玲奈は翔太の言葉に真剣な表情で頷いた。「うん、それは簡単なことじゃないと思う。でも、私も一緒に考えるよ。きっと二人なら、何かを見つけられると思うから。」


その言葉に勇気づけられた翔太は、再びギターの弦に触れ、メロディを奏で始めた。玲奈はその音に耳を傾けながら、目を閉じて静かに聞いていた。音楽は、言葉にできない感情や思いを伝える特別な力を持っている。玲奈の表情が、その音にどんな感情を抱いているのかを示していた。


やがて、玲奈が目を開けて静かに口を開いた。「水嶋くん、そのメロディはとても綺麗だけど、少し寂しさが感じられるね。でも、それが君の今の気持ちなのかな?」


その言葉に翔太は少し驚いた。玲奈は、自分の心の奥底にある感情を見抜いていたのだ。彼女の言葉に励まされると同時に、さらに深く自分を見つめ直す必要があると感じた。


「玲奈の言う通りかもしれない。俺、もしかしたらずっと寂しいって感じてたのかもしれない。音楽で表現したいことがあっても、その気持ちをどこかで恐れていたんだと思う。」


玲奈はその言葉に優しく微笑み、翔太の肩に軽く手を置いた。「大丈夫だよ、水嶋くん。どんな気持ちでも、音楽に乗せることができる。それが君の強さなんだから。」


その言葉に、翔太の中で何かが変わった。自分の中にある寂しさや不安を、隠すのではなく受け入れて、音楽に変えることができると感じたのだ。そして、玲奈が隣にいることで、その思いを形にする力が湧いてくるのを感じた。
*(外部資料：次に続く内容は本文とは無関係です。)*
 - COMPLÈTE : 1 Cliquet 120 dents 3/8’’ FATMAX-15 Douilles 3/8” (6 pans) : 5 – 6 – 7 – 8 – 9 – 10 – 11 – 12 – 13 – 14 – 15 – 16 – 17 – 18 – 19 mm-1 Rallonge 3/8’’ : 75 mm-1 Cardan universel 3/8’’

「ありがとう、玲奈。君がいてくれるから、俺ももっと頑張れるよ。」


玲奈は静かに微笑み、再び目を閉じて音楽に身を委ねた。翔太は彼女のために、そして自分自身のために、メロディを奏で続けた。中庭に響くギターの音色は、次第に力強さを増し、昼下がりの暖かな空気に溶け込んでいった。
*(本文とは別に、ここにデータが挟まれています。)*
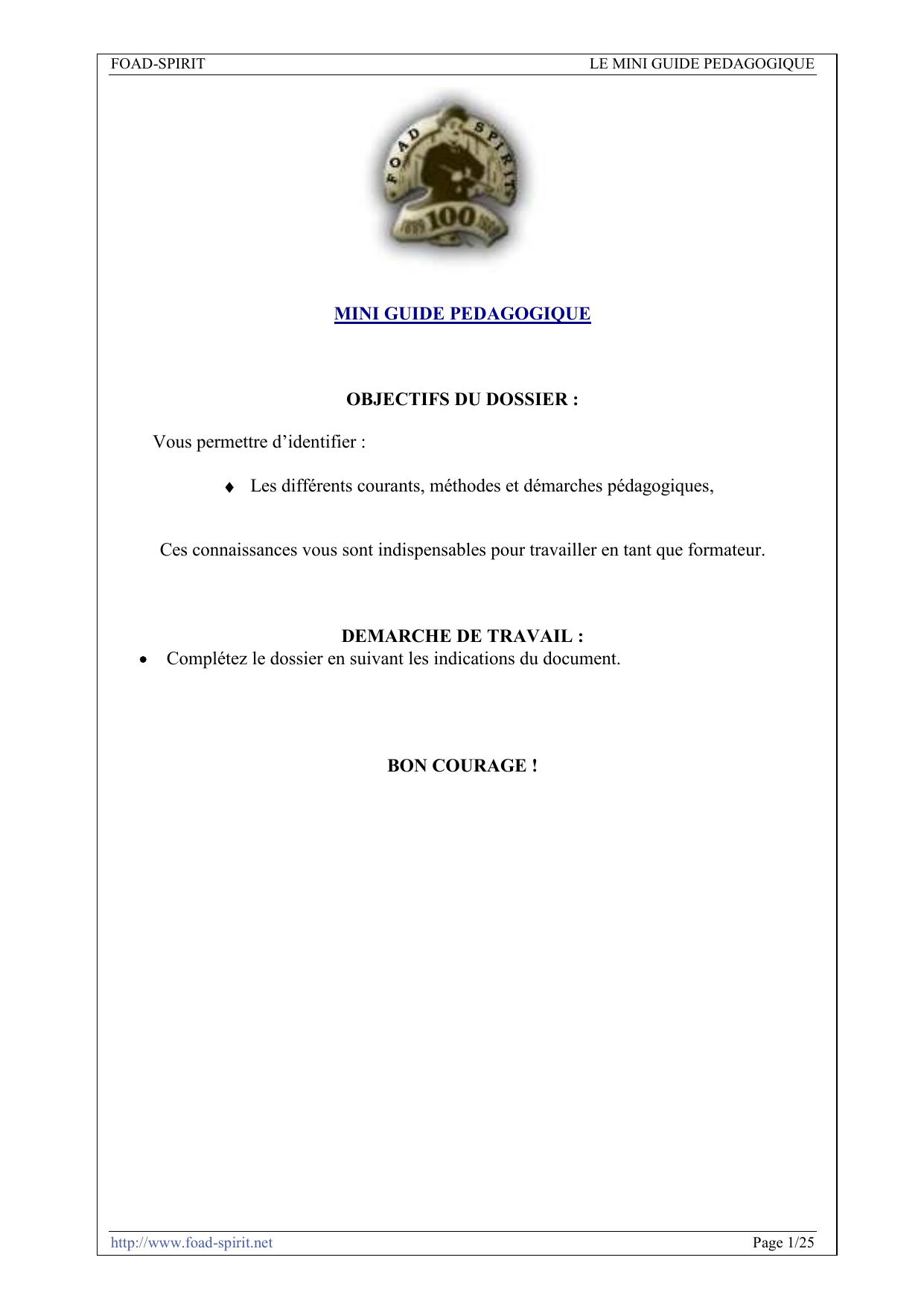 FOAD-SPIRIT LE MINI GUIDE PEDAGOGIQUE

その日の放課後、二人は再び屋上に向かった。夕日が校舎を赤く染める中、玲奈は静かに空を見上げていた。その姿は、昨日と同じように神秘的で、何か特別なものを感じさせる雰囲気を持っていた。


翔太もまた、同じ場所に立ち、空を見つめた。昨日と同じ景色だが、今日の彼には少し違った感覚があった。自分の中で芽生えた新たな決意が、景色を変えて見せているようだった。
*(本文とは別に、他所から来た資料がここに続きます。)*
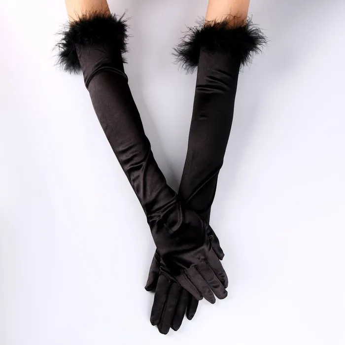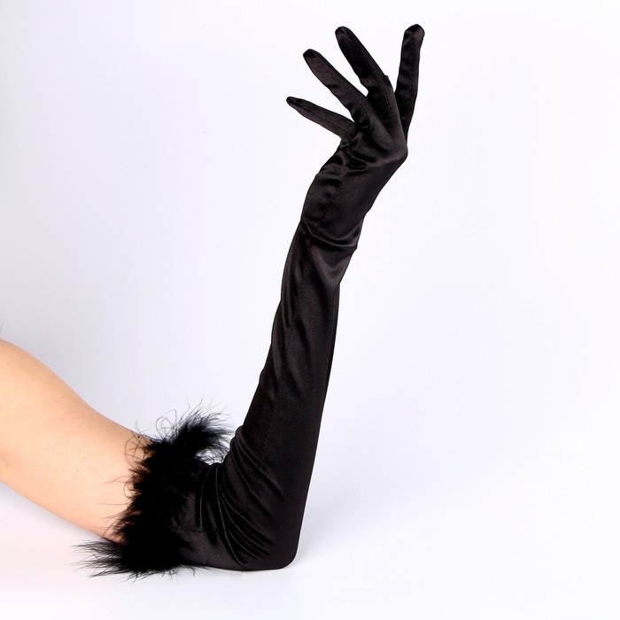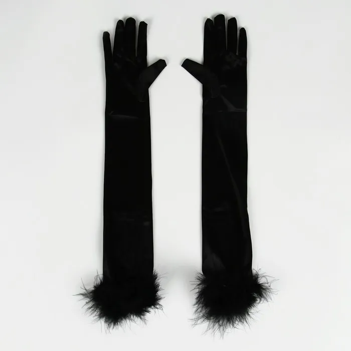 Перчатки женские с перьями, цвет чёрный, длинные — Характеристики

「玲奈、今日はもっと特別な音楽を奏でてみたいんだ。」


玲奈はその言葉に頷き、期待するように翔太を見つめた。翔太はギターを構え、深呼吸をしてから、静かに弦を弾き始めた。音楽は昨日よりも確かな力を持ち、彼の心の奥底から湧き出る感情をそのまま音に乗せていた。


玲奈はその音楽に耳を傾けながら、少しずつ心が解きほぐされていくのを感じていた。翔太が紡ぎ出すメロディには、彼の感情がそのまま反映されていて、玲奈の心にも直接響いていた。


曲が終わると、玲奈は静かに目を開けた。その瞳には、何か新たな決意が浮かんでいるように見えた。


「水嶋くん、その音楽、とても素敵だよ。でも、まだ完成じゃないよね?」


その言葉に翔太は頷いた。「そうだね。まだ何かが足りない。でも、その“何か”を玲奈と一緒に見つけたいんだ。」


玲奈は微笑みながら、翔太の手をそっと握った。「私も一緒に探すよ。私たちなら、きっと見つけられると思うから。」


その瞬間、二人の間に強い絆が生まれたことを翔太は感じた。玲奈と共に、音楽を通じて自分たちの感情を見つめ直し、新たな未来を切り開いていく。その決意が、翔太の中で確信へと変わった。


「ありがとう、玲奈。これからもよろしく頼むよ。」


玲奈はその言葉に静かに頷き、再び空を見上げた。夕日が完全に沈み、夜の帳が降り始める中、星々が輝きを増していく。二人はその星空を見上げながら、これから始まる新たな旅路を心に描いていた。


やがて、夜空に輝く一つの星が、二人の目に留まった。それは、まるで彼らの未来を導くかのように、強く輝いていた。